Nanoparticle adsorption into the gas/liquid interface can decrease
the gravity drainage of the liquid film. Moreover, nanoparticle stratification
in a bulk solution could prevent the foam from collapsing by forming
a 3D network structure. Contrarily, there are some drawbacks of nanoparticles
in EOR applications such as aggregation of particles as they have
a large specific surface area as reported by Ranjit et al.[52] Moreover, the preparation of a suitable nanomaterial
is costly, and nanomaterials could have an undesirable effect on the
health of living things and the environment.
Injection Rate Control
Gas and surfactant solution
injection rates can be controlled to decelerate lamellae thinning.

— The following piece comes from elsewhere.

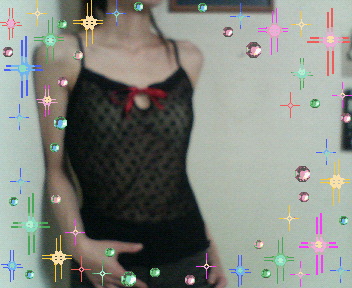 大阪ミナミの商店街で・・・ バーゲン中のお店を発見して Getしたキャミソールです♪ メッシュ素材で涼しい〜:) ★★★柄が全面に散りばめられていて〜 胸元&裾のレース&リボンがポイントになっていて〜 とってもカワイィんですヽ(*´▽`)ノ んですがっ・・・ 早速着てみたら→ 生地が薄くて下着も透けてしまうんです。。。 なのでコレを着る時には〜 ヌーブラが必須ですね...(・_・;)))

Generally, foam behavior can be either shear thinning or shear thickening.
The viscosity of foam and gas can be affected by the flow rate, and
surfactant solution flow rates affect foam quality. Llave et al.[53] investigated the factors resisting foam flow
as a function of foam quality and injection rates. They reported that
a shear-thinning behavior exists between the injection rate and foam
mobility. As the shear rate decreases, the foam viscosity increases.
It was also reported that an increase in foam quality could also improve
foam apparent viscosity. Osei-Bonsu[54] reported
that in case of foam quality exceeding 90%, dry foam will be formed,
and thus, the capillary pressure will increase surpassing the thickness
of the lamellae resulting in lamellae rupture.
Replacing
Part of CO2 by N2
The
disadvantage of CO2 foam is that it becomes weaker as pressure
increases. It is shown in the literature that N2 can be
stable in harsh conditions. Adding a small quantity of N2 to CO2 could possibly solve or enhance this challenge.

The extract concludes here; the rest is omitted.